AngryFeet Mon 02-Sep-13 18:02:04

Mine are 8 and 6 and we have had unbroken nights for about 2 years now. It happens in the end smile

Deathbyladybirds Mon 02-Sep-13 18:05:48

Children are bastards. No one tells you this before you have them.

onepieceoflollipop Mon 02-Sep-13 18:08:33

It did happen for us in the end, dd2 was about 4 iirc. Thing is, even after 1.5 years of fairly good sleep, I am disproportionately unhappy if one of them wakes me now, even for genuine reasons. Oh and I do one night a week on call overnight (for work, not dcs!) and I begrudge every minute of it.

NeopreneMermaid Mon 02-Sep-13 18:27:21

PMDD is spot on with people telling you to enjoy their cute, tiny days but it's impossible to enjoy anything when you're so tired for so long. I thought their was something wrong with me for hating the time.

I do wonder sometimes how much (in my case) is pnd and how much is just being knackered.

Mine are 3 and 1 and we've had five-week stints of hourly wakings. They're better now but I could not do that first year with two again if you paid me.

NeopreneMermaid Mon 02-Sep-13 18:28:41

*there. See how tired I am (spent last night on floor of 3yo's room while she puked).

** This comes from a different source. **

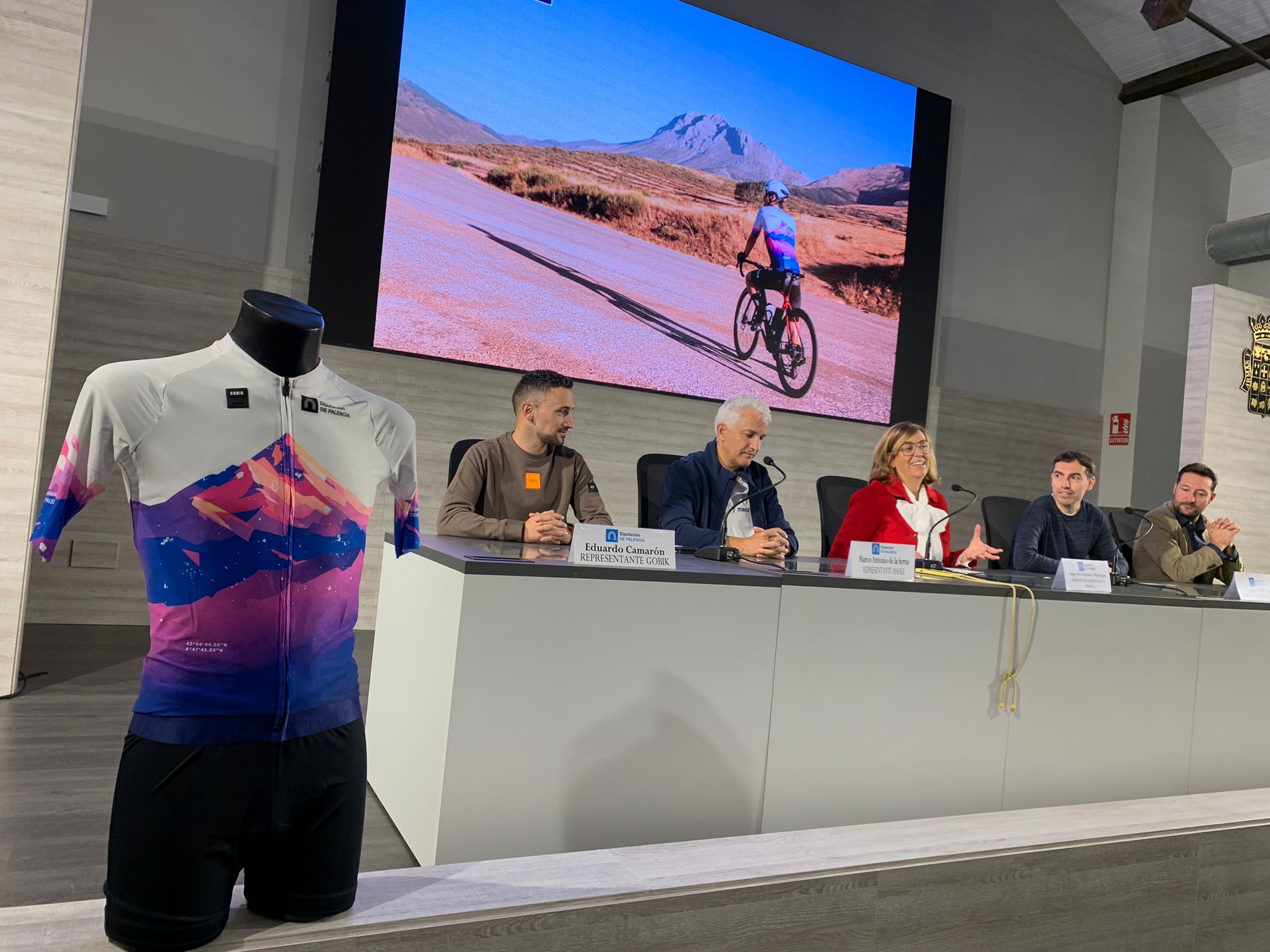 La presidenta de la Diputación de Palencia, Ángeles Armisén, acompañada por el diputado de Deportes, Eduardo Tejido, y los representantes de MAHLE y GOBIK, Marco Antonio de la Serna y Eduardo Camarón, respectivamente, así como por el autor del diseño, Miguel Berzosa, ha presentado el nuevo maillot ciclista con el que la Diputación de Palencia pretende dar avanzar en el impulso al fomento de la Montaña Palentina como destino turístico vinculado a la práctica del deporte.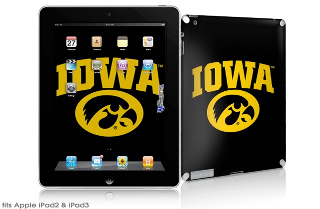 iPad Skin - Iowa Hawkeyes Tigerhawk Oval 01 Gold on Black (fits iPad2 and iPad3)

EugenesAxe Mon 02-Sep-13 22:08:10

I saw this last night and went searching for it specifically to find out your DCs ages. Ours are 3 and 1 (22m) and the other month they did both sleep through and we woke naturally. I realised how conditioned I'd become to stumbling out of bed to deal with one or other of them (even if only for a little while), as I felt amazing and wide-eyed in wonder.

Every now and then I think your thread title. I recite like a mantra 'It will pass'.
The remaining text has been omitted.